Most Elixir projects that require internationalization, localization or both use the Gettext library for translating user-facing texts.

The Elixir library is an implementation of the Gettext system that was released in 1990. As opposed to other translation systems, Gettext translations are based on strings that allow you to see the literal texts that will be displayed to the end user.

# You would do this
gettext("Hello! Your account is now active")

# Instead of something like
translate("user.account.active")

Gettext works by generating a number of template and translation files (also called PO files). Explaining how those files work is out of the scope of this article, but if you are interested I strongly recommend you to take a look at the Elixir Gettext docs.

Using Gettext macros

The PO files become very big very quickly as they contain all your application’s translatable strings. The standard and recommended way of using Gettext is to use the provided set of macros because they can automatically sync the strings in your code with PO files.

There is a catch, though:

[…] This, however, imposes a constraint: arguments passed to any of these macros have to be strings at compile time. This means that they have to be string literals or something that expands to a string literal at compile time.

message =
  case request do
    %Request{approved_at: %Date{}} -> "Great! Your request has been approved."
    %Request{rejected_at: %Date{}} -> "Sorry, your request has been rejected."
  end

#=> ** (ArgumentError) msgid must be a string literal
gettext(message)

Using Gettext functions

The alternative is to use the Gettext functions instead of macros. This sadly means that we have to manage the PO files manually, which is a big downside.

message =
  case request do
    %Request{approved_at: %Date{}} -> "Great! Your request has been approved."
    %Request{rejected_at: %Date{}} -> "Sorry, your request has been rejected."
  end

# This works, but we must sync strings between the code and PO files manually.
Gettext.gettext(MyApp.Gettext, message)

Using Gettext macros and functions

Thankfully, the *_noop macros cover this gap. As per the docs:

This macro can be used to mark a message for extraction when mix gettext.extract is run. The return value is the given string, so that this macro can be used seamlessly in place of the string to extract.

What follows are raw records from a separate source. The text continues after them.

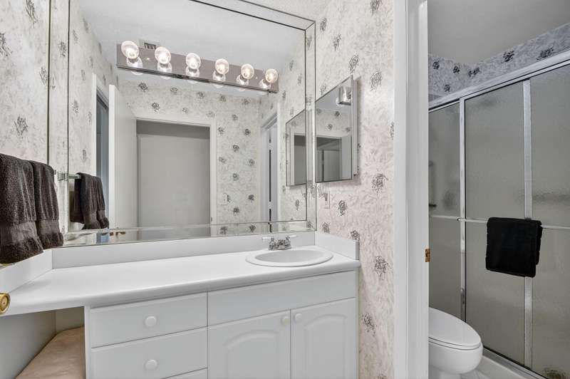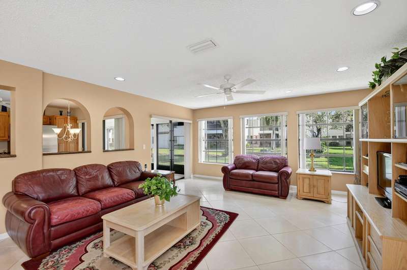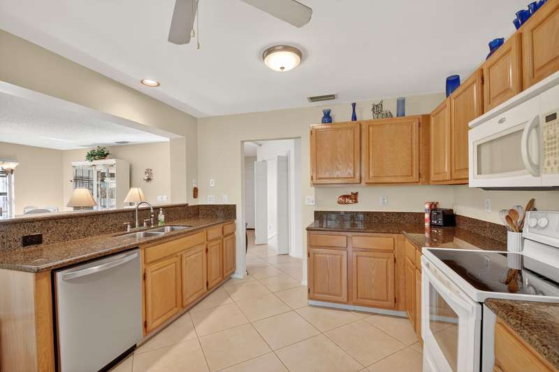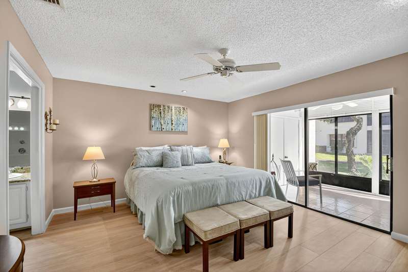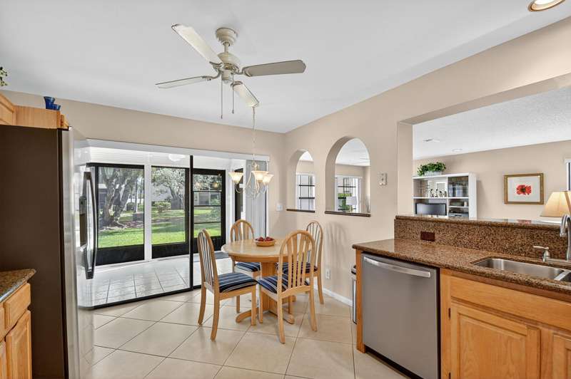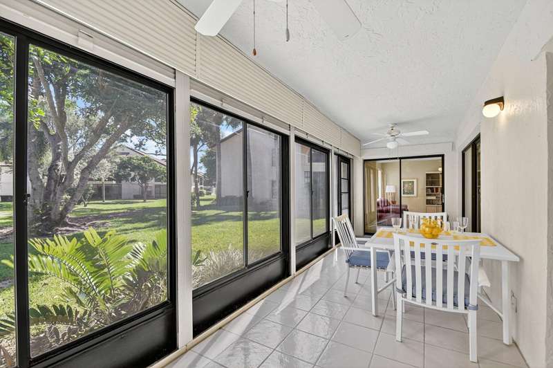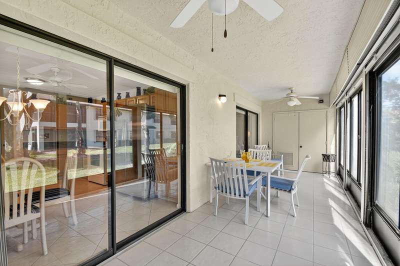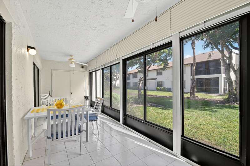 Step into a light, bright, and airy space filled with natural sunshine and a peaceful ambiance. This 3 bedroom/2 bath/1 car garage unit features split bedroom plan, can be used as 2 primary suites ,each with its own bathroom. Primary bath has new curbless, extra-wide entry into shower. Open layout dining/living area with large windows. Kitchen has granite countertops, newer fridge. Relax in screened-in, tiled patio in the back. Easy one-level, first floor condo feels like a single family home. Friendly, serene, active 55+ community, with clubhouse, pool, tennis, etc. Close to beaches, restaurants, shopping. ****Seller concessions available****
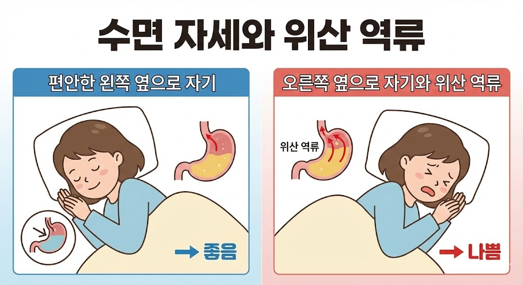 | 오른쪽으로 눕기 | 위장의 입구가 아래쪽으로 쏠려, 위산이 식도 쪽으로 쉽게 쏟아집니다. | ❌ (절대 금지) |
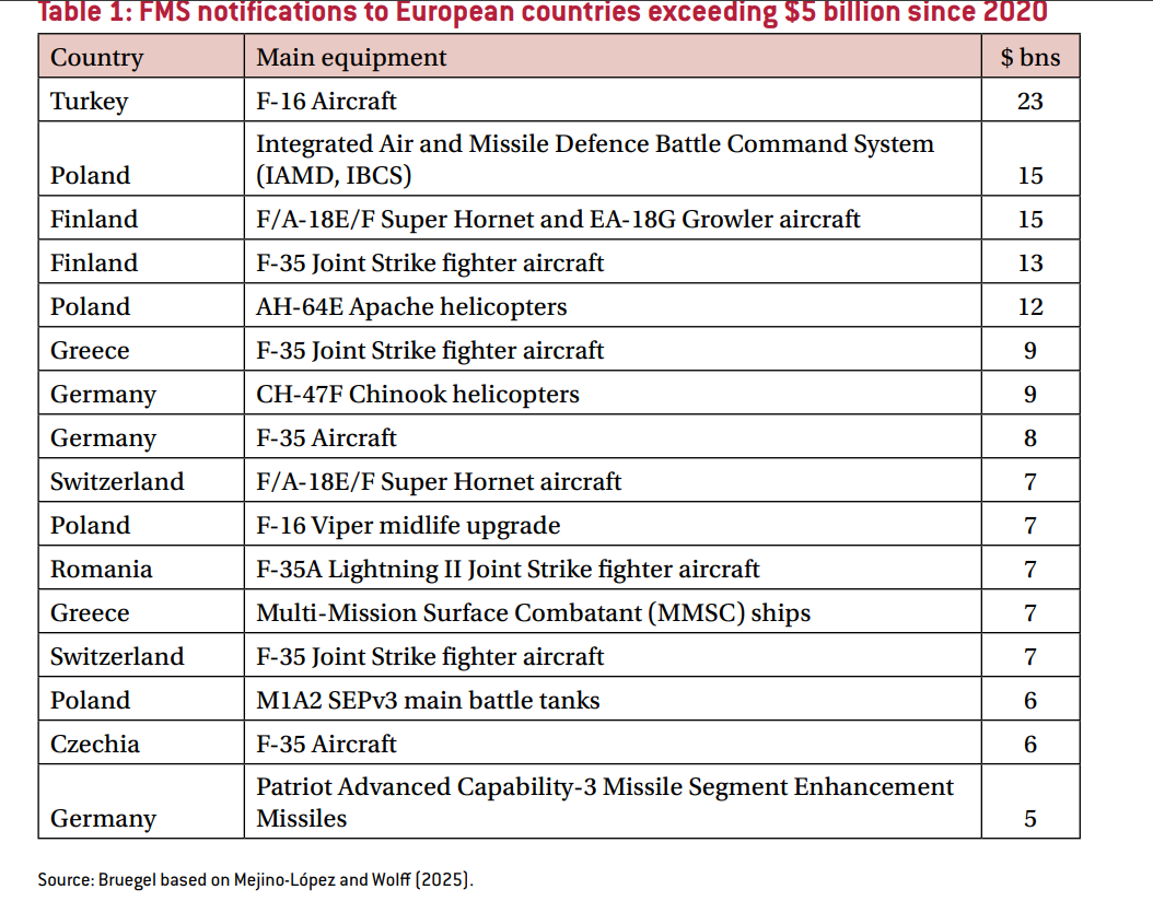 Όπως αναφέρουν οι συντάκτες της έρευνας, Χουάν Μεχίνο-Λόπεθ και Γκούντραμ Βολφ, οι οποίοι ανέλυσαν 1.179 ειδοποιήσεις στο πλαίσιο του προγράμματος Foreign Military Sales (FMS – Πρόγραμμα Ξένων Στρατιωτικών Πωλήσεων) των ΗΠΑ από το 2008, την τελευταία τετραετία η Ευρώπη έχει αυξήσει σημαντικά τις αγορές της από τη βιομηχανική βάση άμυνας των ΗΠΑ, εμβαθύνοντας έτσι την εξάρτησή της από τον αμερικανικό στρατιωτικό εξοπλισμό βραχυπρόθεσμα και μεσοπρόθεσμα.

This combines the best of both worlds:

  1. We use gettext_noop so Gettext knows about our translation strings and manages them automatically in PO files.
  2. Then we call the Gettext function, which accepts runtime values.
message =
  case request do
    %Request{approved_at: %Date{}} ->
      gettext_noop("Great! Your request has been approved.")
    %Request{rejected_at: %Date{}} ->
      gettext_noop("Sorry, your request has been rejected.")
  end

# We can use runtime values and let Gettext manage PO files automatically.
Gettext.gettext(MyApp.Gettext, message)

Conclusion

Translation files get big really fast and, ideally, we want to delegate the burden of keeping the code and translation files in sync to Gettext.

In some cases we need to show different messages depending on business rules, and we want those messages to be translated just like the rest of the application. For such cases we can combine the Gettext _noop macros with the Gettext functions, which allow us to translate dynamic messages without losing the automatic sync between code and PO files.